# Exchange coffee, Clitheroe.



## cold war kid (Mar 12, 2010)

Hi guys.

I was wondering if any of you use Exchange coffee in Clitheroe for your beans? I called into their shop the other week for a coffee and thought it was ok if nothing memorable, but as I didn't need any beans at the time never really thought about them much.

I'm now in the position where I've had a big run of beans from a few sources that weren't really to my taste. I used to buy a lot of my beans from Hasbean but I've found that they're roasting their beans lighter and lighter to the point were they are now too acidic for my taste and don't cut through milk very well ( the most common drink in our house is a flat white). I can't find a lot of chatter online about Exchange though, and they're not even listed in the massive list of roasters on this site.

So is there a reason why they don't receive much love, or are they just an overlooked gem?

Any shared knowledge would be great. Thanks.


----------



## aaronb (Nov 16, 2012)

RE Has Bean, seriously?

I and at least 2 other independent people had all noticed that Has Bean were roasting darker and darker. I haven't had a light roast from them in about 6 months! Been thinking about leaving them because of this.

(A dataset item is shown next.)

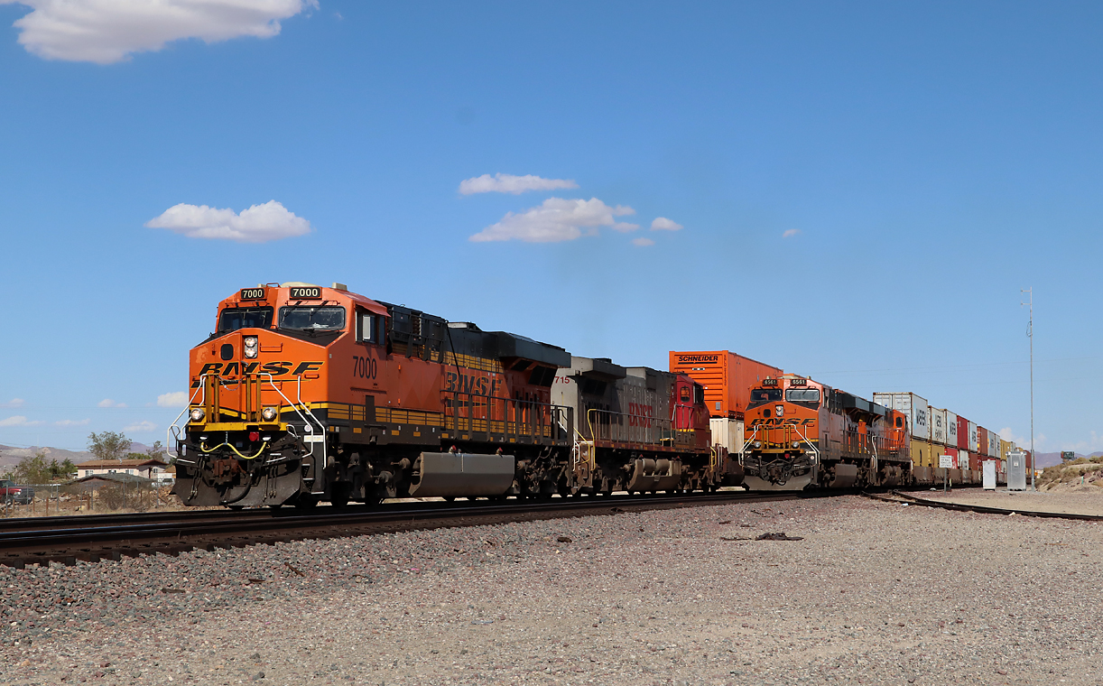 Als Abschluss unserer vier Fototage am Cajon Pass fuhren wir noch einmal auf der Hauptstrasse zur Passhöhe. Diesmal lief an der Spitze eine BNSF-Lok mit Warbonnet-Anstrich. Cajon Pass, CA, 24.9.2022
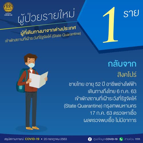 สรุปสถานการณ์ COVID-19 วันที่ 20 กรกฎาคม 2563

Cant help with exchange i'm afraid, give them a try and let us know!


----------



## CoffeeDiva (May 9, 2013)

aaronb said:


> I and at least 2 other independent people had all noticed that Has Bean were roasting darker and darker. I haven't had a light roast from them in about 6 months! Been thinking about leaving them because of this. !


Really? Can't say I've noticed that. Certainly not with my last bag. Waiting for some of the Nicaraguan limoncilo to be delivered so will what that's like.


----------



## Kyle548 (Jan 24, 2013)

Has bean bean names are getting more difficult at least.


----------



## cold war kid (Mar 12, 2010)

That's really interesting as it's probably getting on for 12 months since I bought from them, so might give them another whirl. I can't remember what the last coffee I had off them was but it was very lightly roasted and not at all suited to milk based drinks. For a long time before that, they seemed to be getting progressively lighter.


----------



## aaronb (Nov 16, 2012)

Yep, def darker. nowhere near *Dark* dark, so if you are after that don't bother. But much darker than say Square Mile.

If you do want nice darker beans try and get some of the guest allocation of Darker Side of Life on here. I also had a coffee made for me recently with Compass beans and they were very dark.


----------



## Charliej (Feb 25, 2012)

cold war kid said:


> Hi guys.
> 
> I was wondering if any of you use Exchange coffee in Clitheroe for your beans? I called into their shop the other week for a coffee and thought it was ok if nothing memorable, but as I didn't need any beans at the time never really thought about them much.
> 
> ...


Exchange actually have 3 shops(Blackburn, Clitheroe and Skipton) as well as 2 coffee bars and a couple of carts. Every shop does some roasting but I gather there is also a roastery in Blackburn. I too wasn't a big fan of the blend they use for the coffeeshop, according to their webpage it's a french roast(carbonised in other words!!!). I did,however buy 4 different lots of beans from them and all have been pretty good so far I'm on their El Slavador Finca Adelaida at the moment, also had their Sulawesi Kalossi which was very nice if a little to dark roasted even for my tastes if they roasted this a little less, but still dark could be a truly spectacular coffee; this is the bean I had in mind for a possible DSOL offering if we could convince them to do a special roast of it for us. The other pack I have left is their Honduras Pacamara microlot and very tasty it is too bought 500g of this one. So IMHO they're well worth a try.


----------